3 Because of the fragrance of your good ointments,
Your name is ointment poured forth;
Therefore the virgins love you.
4 Draw me away! “

Song of Solomon 1:2-4

“Dear God, I think about you sometimes even when I am not praying.” 

Elliot, “Children’s Letters to God”

It may seem heretical, but it seems that spiritual growth is being reduced to ‘bullet points’ of a presentation. And that really does scare me.  We are looking to fall into a trap ‘head over heels’ right into a place that has promised so much, and yet delivers so little. We have been reduced to a mindset of which the ‘disciplines’ of the Christian life have become formulaic, and  robotical.  Somehow, we are missing the purpose as our discipleship begins to grow hard and slowly turns to stone.

But a kiss, on the other hand, is undefinable; it can’t be quantified and defies rules.

I fear the formula, and repudiate the rules.  I am disturbed that our discipleship can become self-moving, self-regulating, self-starting.

When will realize that Jesus is looking for lovers?  Somehow we think we can extract romance, diminish intimacy and choose to walk mechanically through life.  We are losing our created and given purpose to be in close fellowship with Him.

There is a monstrous industry in all of this, a callous system. With the absence of an intimacy with Jesus, the following will actually become dangerous.

  • formulas, counselors, life-coaches
  • training programs,
  • media: books, podcasts, TV
  • conferences, prophetic worship
  • magazines, “special” books
  • inspirational speakers, favorite Bible teachers
  • and even websites, (like this one!)

We often turn to them to get what we think we need. The delusion is that we can become moral and true, without an intimacy with Jesus. I guarantee this, without a deep intimacy with Him, these “things” will invariably disappoint us. But truly, we seldom do intimacy well.

Authentic growth will not happen overnight.  Many get so disappointed, and disillusioned that they just quit walking and become hardened aand very unhappy. They may or may not become apostate. The Lord sees them, and loves them at a distance.

We can’t use the above list, but the Holy Spirit can.  He uses these things, but there can never be confusion on who is working. I must relate to Him and strengthened in His strength.  I must be as intimate as I can in His presence.

There can never be an authentic spirituality, without a real romance with Jesus We must be taken up with Him and enthralled.  We must recover the “courtship of the Lord.” Prayer starts to become a passionate tryst, and worship an affair of the heart.  This where we meet begin to meet him directly, and authentically.

For good people, God is a religion. For the saints he is a kiss and an embrace.

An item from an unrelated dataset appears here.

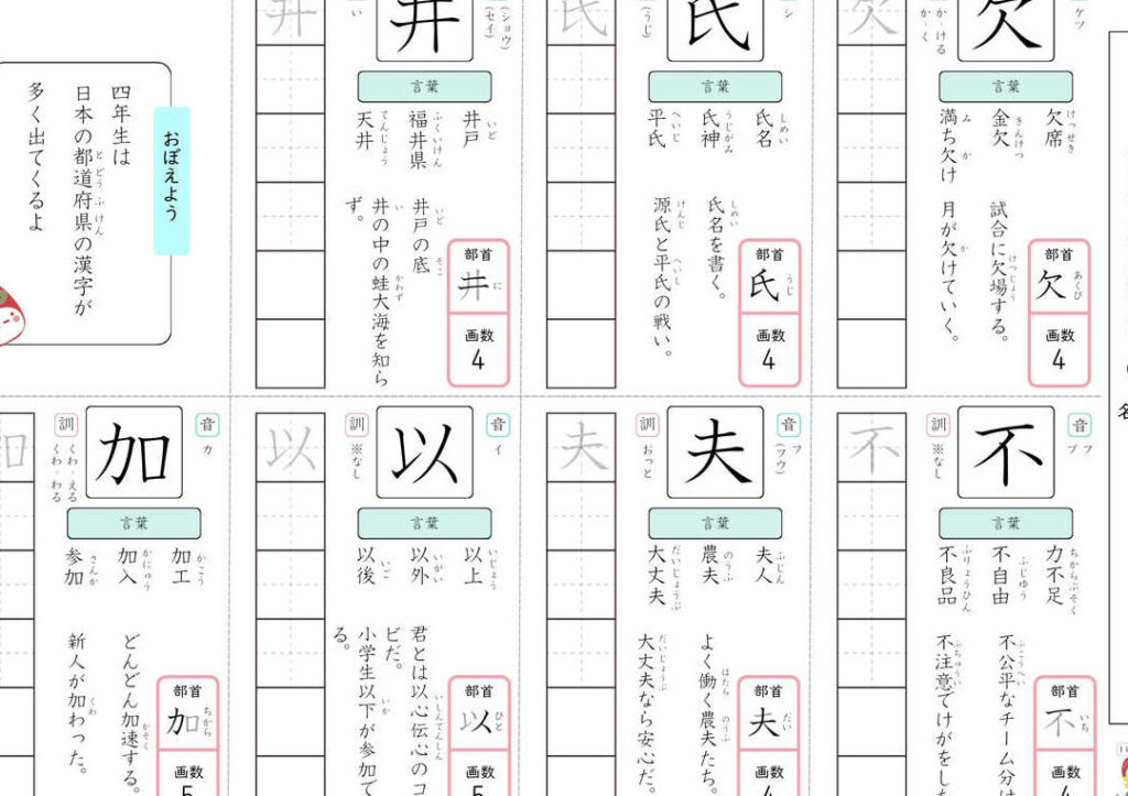 - 3年生: 漢字の学習が始まり、簡単な歴史や地理に触れます。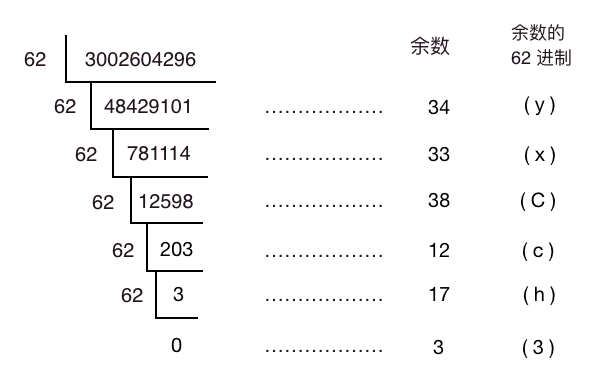 有人说人这个域名还是有点长,还有一招,3002604296 得到的这个哈希值是十进制的,那我们把它转为 62 进制可缩短它的长度,10 进制转 62 进制如下:

Passion, and not principles (even if they are noble ones) will carry the day. It’s about desperation, not obligation.  I will be the first to admit that these maybe these differences seem subtle and trivial, but they’re not.  Romance brings roses to a rendezvous, with a passionate and openly declared ‘first love.’ Yet so often we shuffle in and grovel to bring our list of things we need or want. Few be the lovers, that find true contentment and freedom and real peace when they are alone with their Beloved.